Wir dürfen dazu nicht sagen.


----------



## PCGH_Stephan (31. Mai 2013)

Die Ausgabe 07/2013 erscheint am 5. Juni. Das gilt sowohl für die  Magazin- als auch die DVD-Version. Der Versand erfolgt wie gewohnt so,  dass jeder Abonnent pünktlich ein Heft in den Händen hält.


----------



## Olstyle (31. Mai 2013)

Afaik sind die Print-NDAs oft so gesetzt dass man es noch schafft bis zum Ende des Online NDAs zu drucken und aus zu liefern.
Bekommst du das Heft schon morgen hast du schlicht Glück gehabt.


----------



## beren2707 (31. Mai 2013)

Daumen drücken, die letzten Male lag sie immer am Samstag im Briefkasten. So oder so, auf den Test bin ich gespannt, obwohl mich persönlich der Artikel über SuperSampling sogar mehr interessiert. Zur Vollversion nur so viel:  
Wollte mir letztens im Angebot noch Binary Domain kaufen, dass ihr jetzt dieses gerade ein mal etwas mehr als ein Jahr alte Spiel schon auf der DVD mitliefert, ist einfach grandios. Ein Glück, dass ich nicht auf die Magazinausgabe umgestellt habe, Torchlight sei Dank.


----------



## ThomasGoe69 (31. Mai 2013)

ich habe meins schon  , klasse Heft : V.a. auf großes Interesse: Das Riesen Thema *******, gerade der **** wird meinen jetzigen ersetzen...

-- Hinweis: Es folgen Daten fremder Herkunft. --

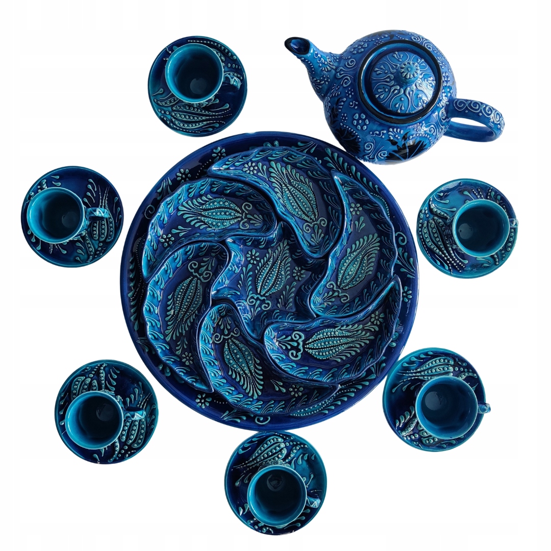 Загальні назви:Бірюзовий набір турецьких чашок ручної роботи, декоративний набір чашок, барвистий керамічний набір, набір для сервірування, турецький керамічний чайний набір, візерунковий турецький керамічний набір, набір для подачі напоїв, турецький керамічний набір для подачі їжі, кераміка Iznik

Freue mich schon drauf, nur schade, das die Hersteller von******** nicht mehr Portfolio euch zum Testen anbieten konnten.
War aber bestimmt ne stressige Zeit !


----------



## unthinkable (31. Mai 2013)

Ich hab einfach mal in Briefkasten geschaut, es ist heute schon da ! 
Hätt ich nicht gedacht


----------



## wuddih (31. Mai 2013)

Kleine Frage: Wo finde ich den Key zur Binary Domain Installation? Steam fragt danach.


----------



## soldier16 (31. Mai 2013)

zwischen seite 66 und 67 sind die codes.


aber was mich mal interessiert, auf der werbungsseite von alternate im heft sind z87 boards abgebildet mit qr.

schaue ich auf die seite von alternate bzw mit dem qr code ist nichts zu finden hatte mich schon extrem gefreut.

nun meine frage am rand wann sind die boards verfügbar damit ich planen kann??

mfg soldier16


----------



## Zocker85 (31. Mai 2013)

ich habe leider kein heut bekommen, hoffe es kkommt noch morgen


----------



## matti30 (31. Mai 2013)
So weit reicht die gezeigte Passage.